WORK ITEM: In the material below, begin at the line that has "Πλήθος κόσμου δίνει", stop after the line that has "Clayre & Eef", and transcribe those lines exactly, without pictures.

TASK INPUT:
□ □ □ □ □

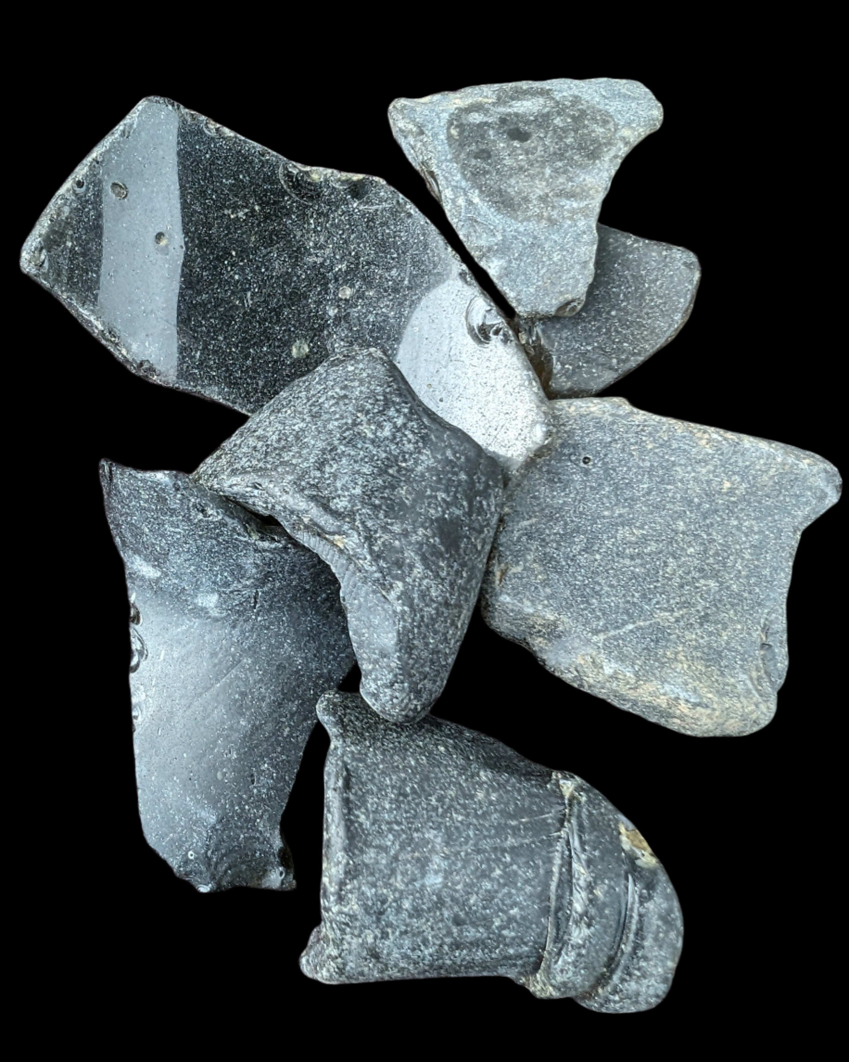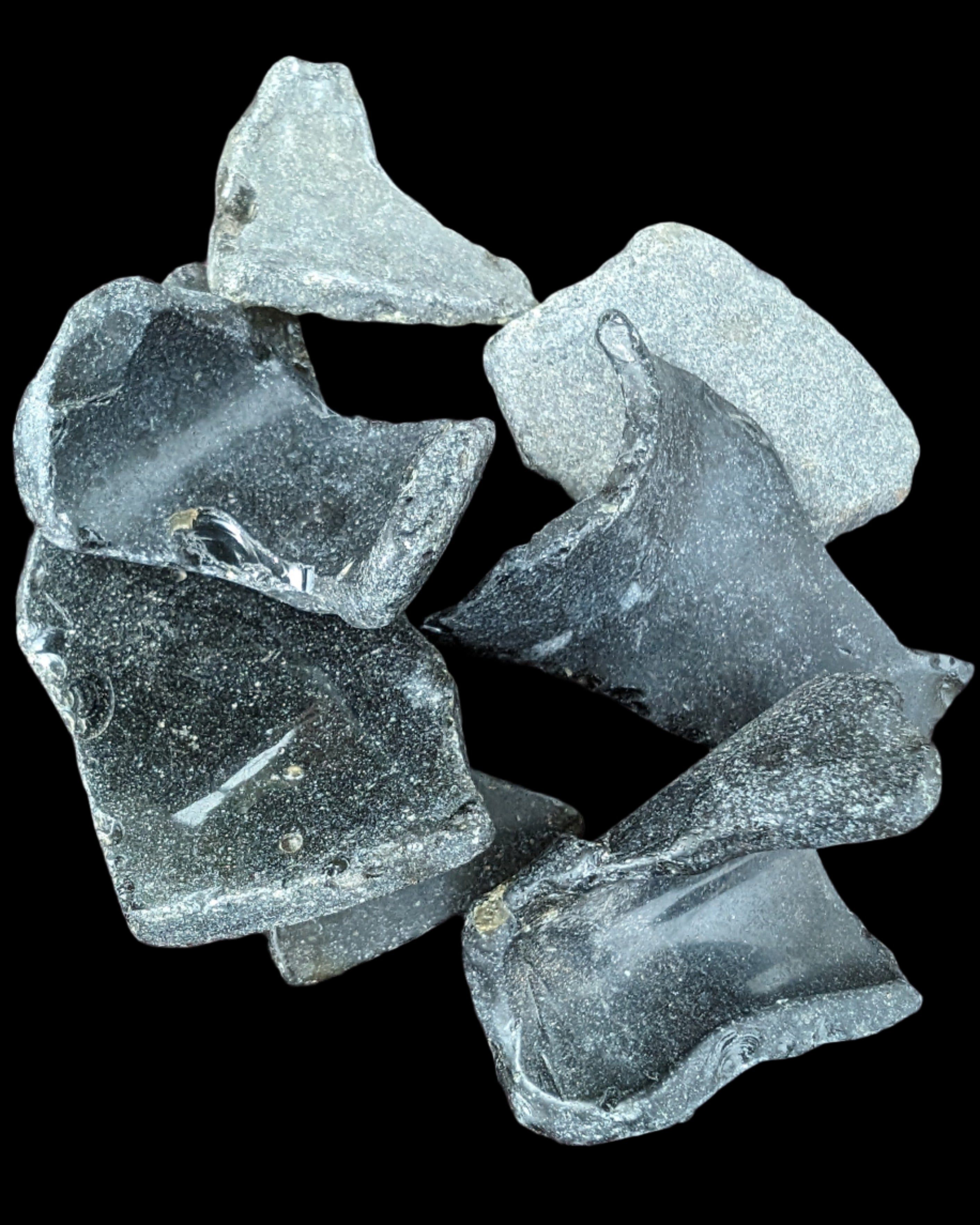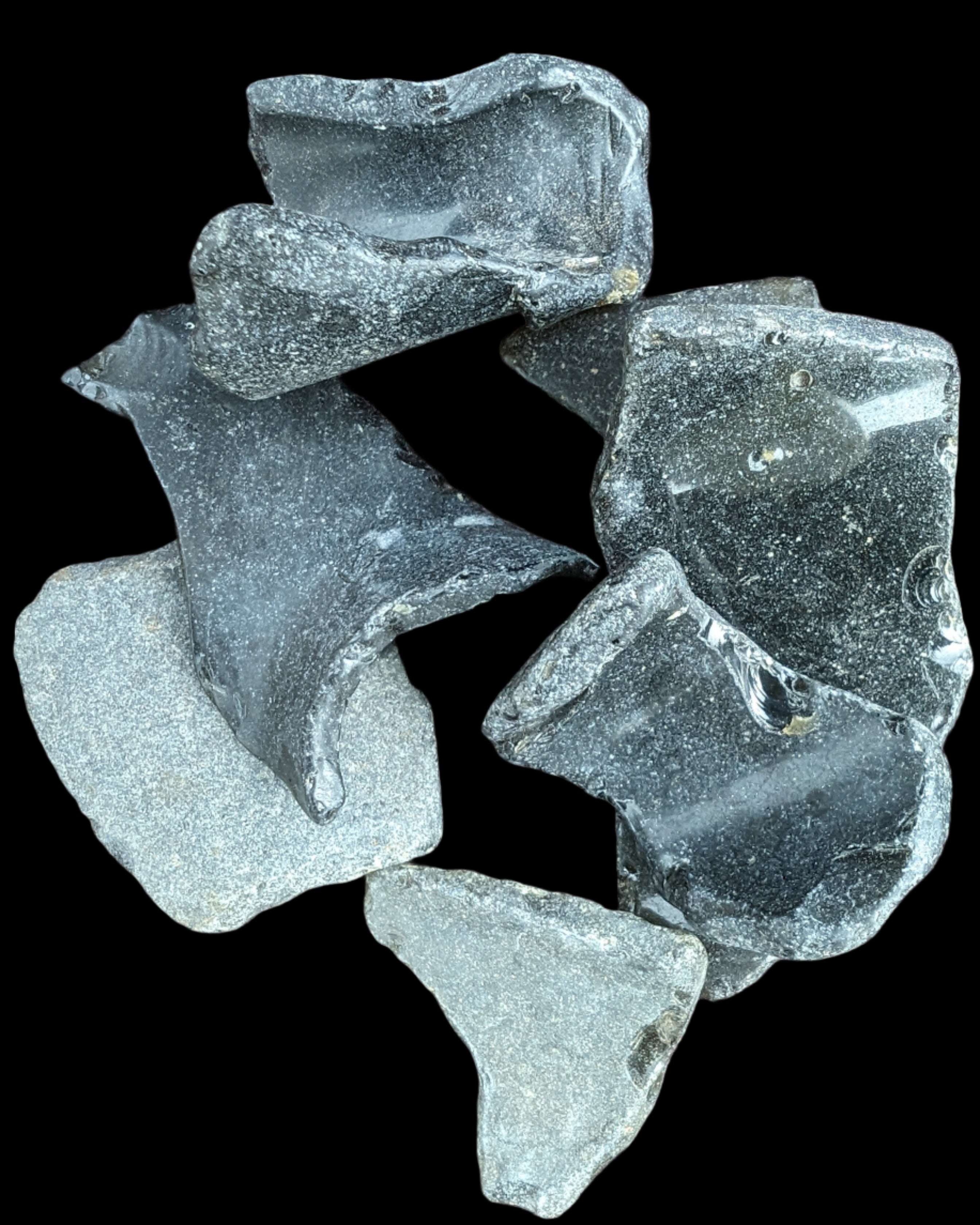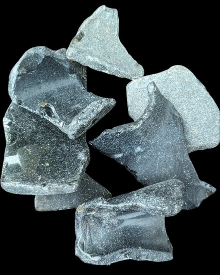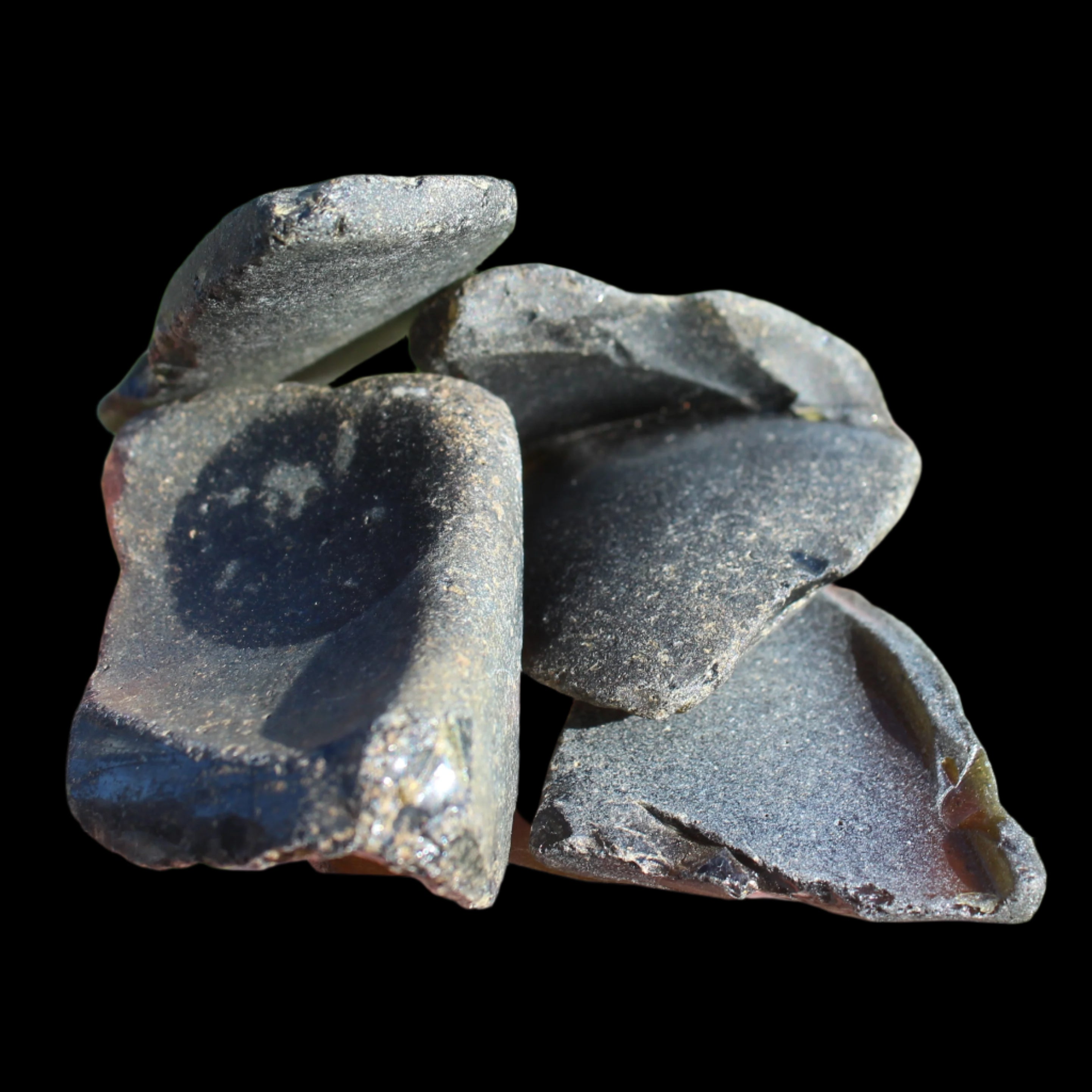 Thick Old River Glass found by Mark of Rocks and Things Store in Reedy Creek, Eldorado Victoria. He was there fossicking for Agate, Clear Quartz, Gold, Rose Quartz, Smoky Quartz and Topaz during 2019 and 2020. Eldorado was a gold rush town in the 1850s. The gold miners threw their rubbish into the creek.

□ □ □ □ □

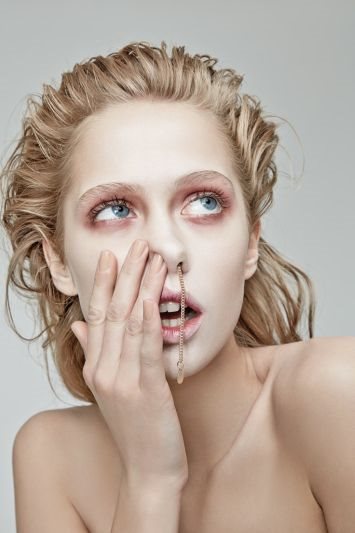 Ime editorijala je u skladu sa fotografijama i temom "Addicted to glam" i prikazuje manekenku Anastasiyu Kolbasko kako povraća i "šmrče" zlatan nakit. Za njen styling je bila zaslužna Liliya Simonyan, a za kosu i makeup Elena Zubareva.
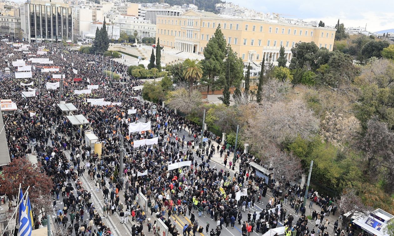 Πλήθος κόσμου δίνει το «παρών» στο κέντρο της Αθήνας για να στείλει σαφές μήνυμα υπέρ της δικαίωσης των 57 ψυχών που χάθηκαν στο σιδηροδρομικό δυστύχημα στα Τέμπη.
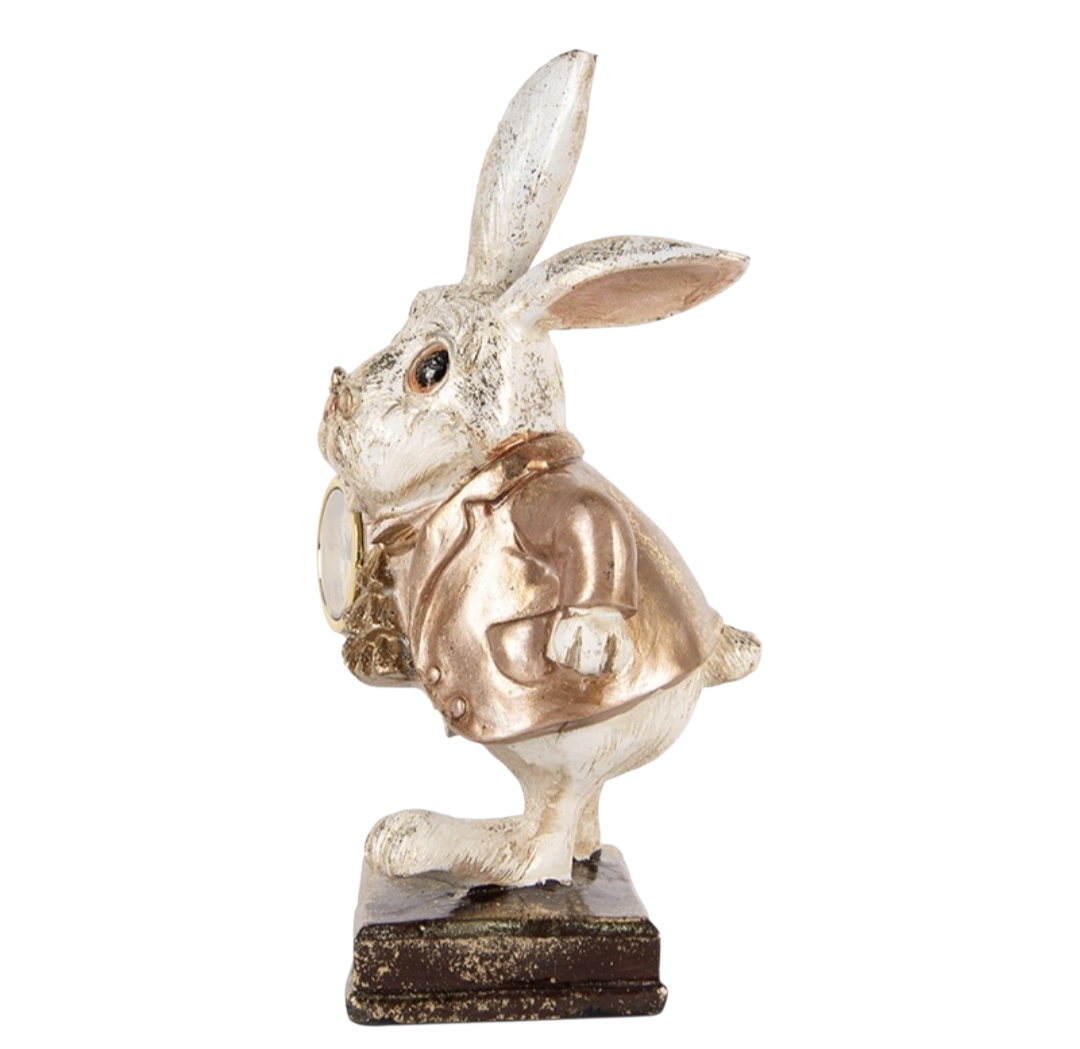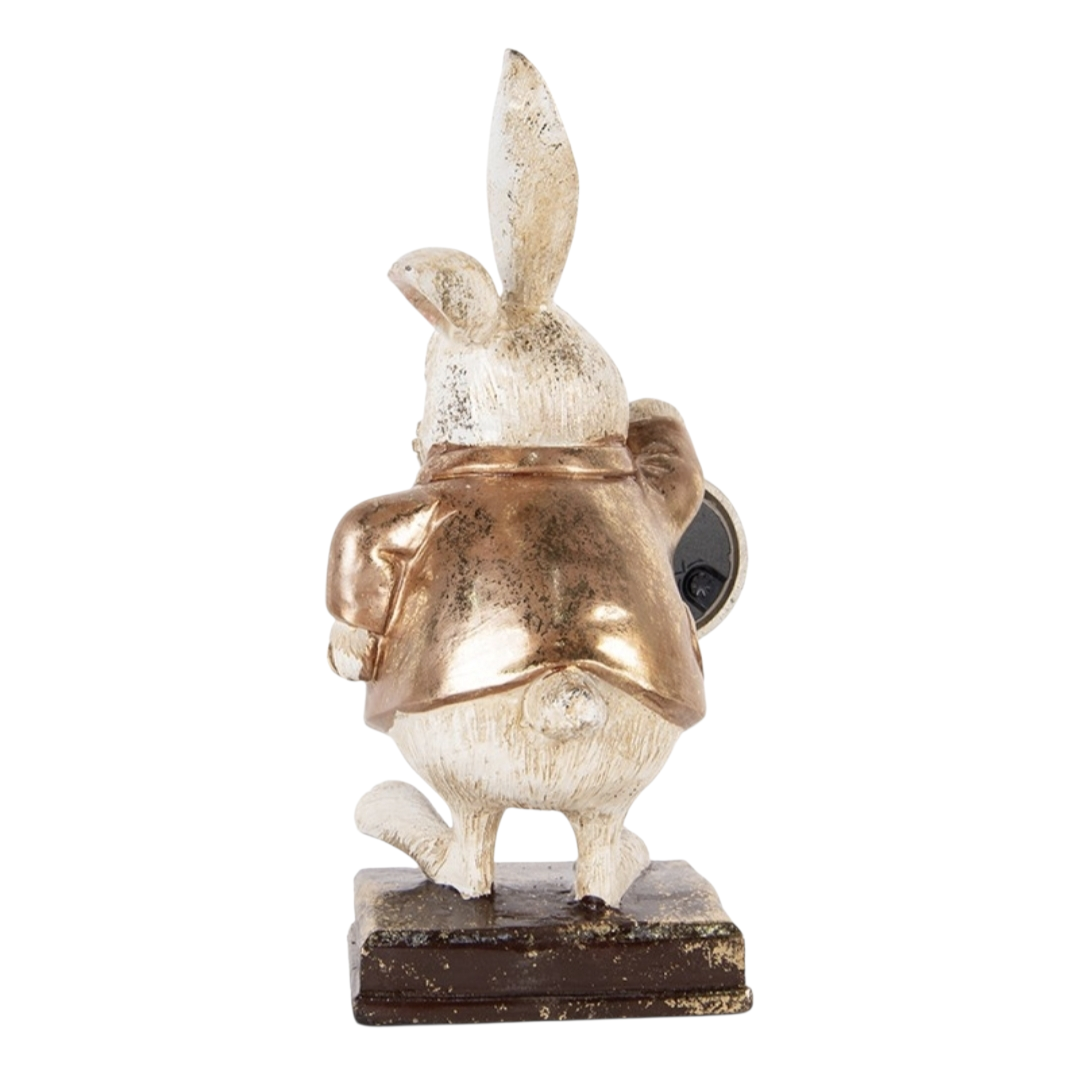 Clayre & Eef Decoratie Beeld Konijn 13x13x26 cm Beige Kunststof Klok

□ □ □ □ □

ANSWER FOR THE TASK:
 Πλήθος κόσμου δίνει το «παρών» στο κέντρο της Αθήνας για να στείλει σαφές μήνυμα υπέρ της δικαίωσης των 57 ψυχών που χάθηκαν στο σιδηροδρομικό δυστύχημα στα Τέμπη.
 Clayre & Eef Decoratie Beeld Konijn 13x13x26 cm Beige Kunststof Klok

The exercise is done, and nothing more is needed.